China alarmed by Clinton’s ‘interference’ on Tibet issue

2011-11-11 08:52

Beijing – Beijing today accused Hillary Clinton of interfering in its affairs after the US secretary of state expressed concern over China’s human rights record.

Clinton voiced alarm yesterday over Beijing’s treatment of ethnic Tibetans and of blind lawyer turned human rights activist Chen Guangcheng, who is being held under house arrest.

“We oppose foreign interference into China’s internal affairs and judicial sovereignty,” foreign ministry spokesperson Hong Lei told journalists at a briefing today where he was asked to respond to Clinton’s remarks.

“The Chinese government protects the legitimate rights and interests of the Chinese citizens.”

Chen, a self-trained lawyer who has been blind since childhood, spent four years in prison after documenting late-term abortions and forced sterilisations under Beijing’s one-child policy.

He was released last year, but rights campaigners say he and his wife were severely beaten earlier this year in apparent retaliation for the release of a video smuggled out of their home in which Chen railed about his house arrest.
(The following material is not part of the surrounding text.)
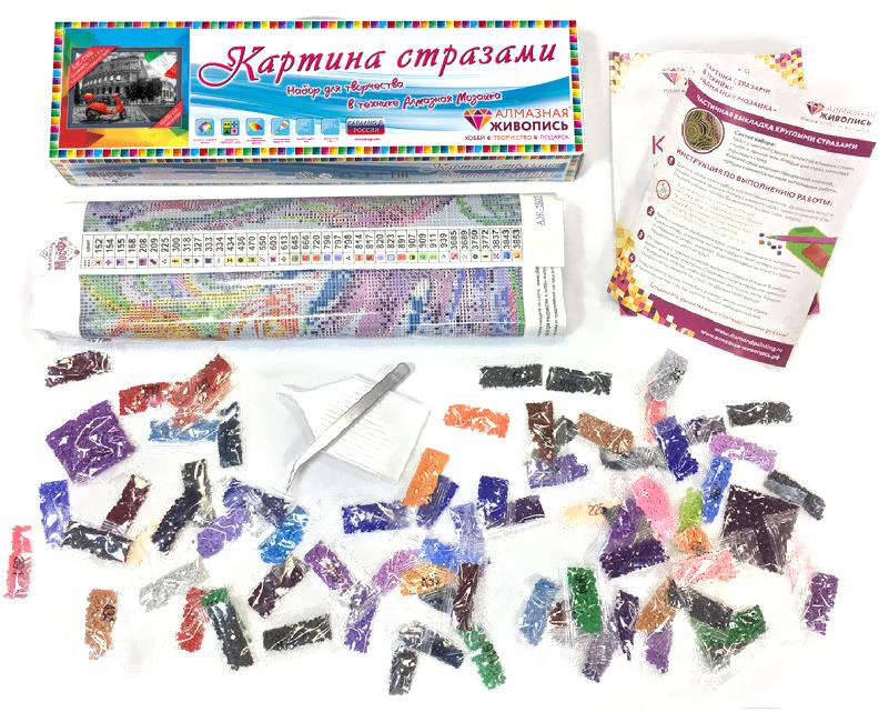 - Комплектация набора пинцет, полотно-схема с клеевой основой, набор страз, инструкция, лоток для страз
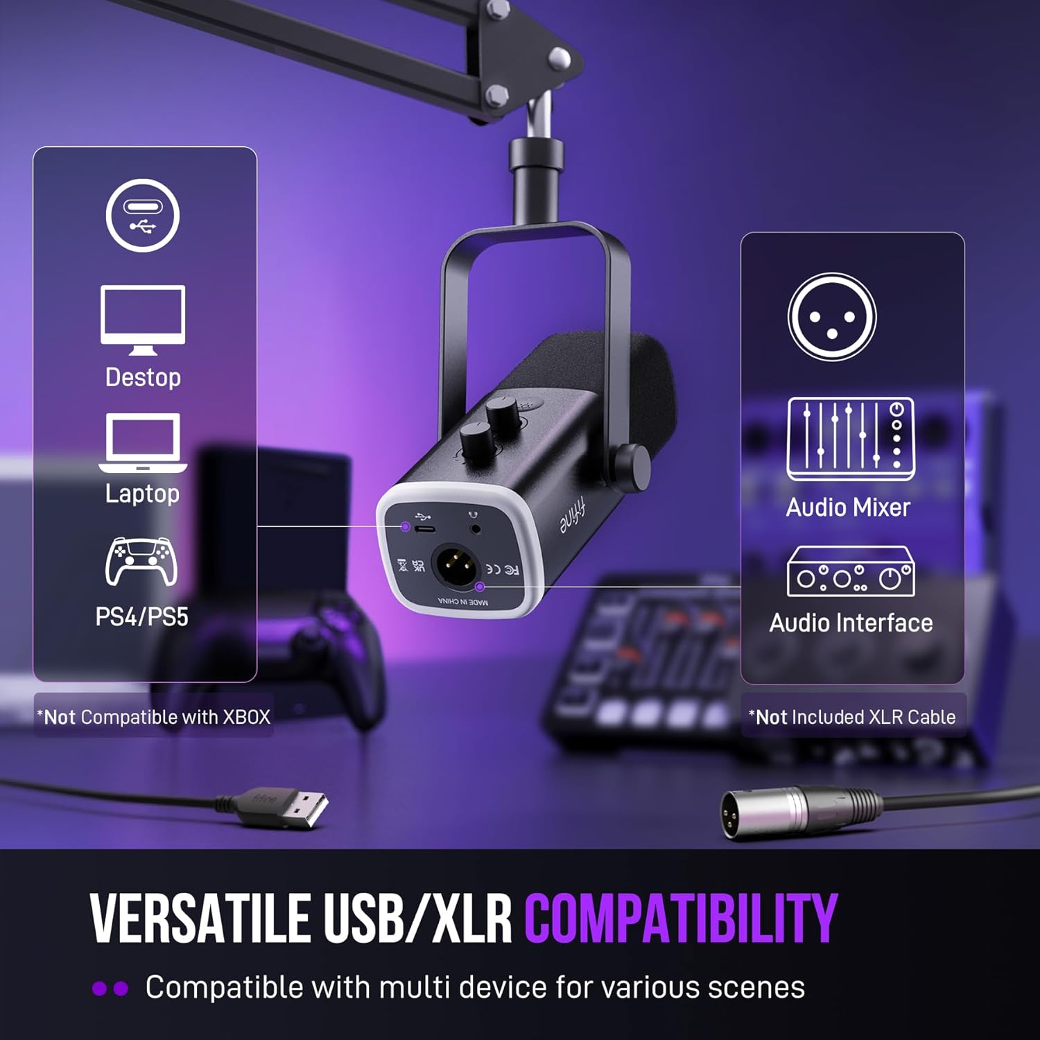 USB/XLR Connectivity-AM8T comes with a dynamic microphone and a boom arm stand. Versatile PC gaming microphone kit with USB compatibility plug and play for PC in streaming or recording, without additional drivers. And also, while in XLR compatibility for mixer or sound card connection, the XLR studio vocal microphone is good at vocal, podcast, or musical instruments creation.

Clinton, in Honolulu for an Asia-Pacific summit, said the United States welcomed a “thriving China” but wanted to ensure that the fast-growing region developed standards on openness and basic freedoms.

“When we see reports of lawyers, artists and others who are detained or ’disappeared,’ the US speaks up both publicly and privately,” Clinton said.

She said the US was “alarmed” by reports of monks and nuns in ethnically Tibetan parts of China setting themselves alight to protest against what they say is religious repression.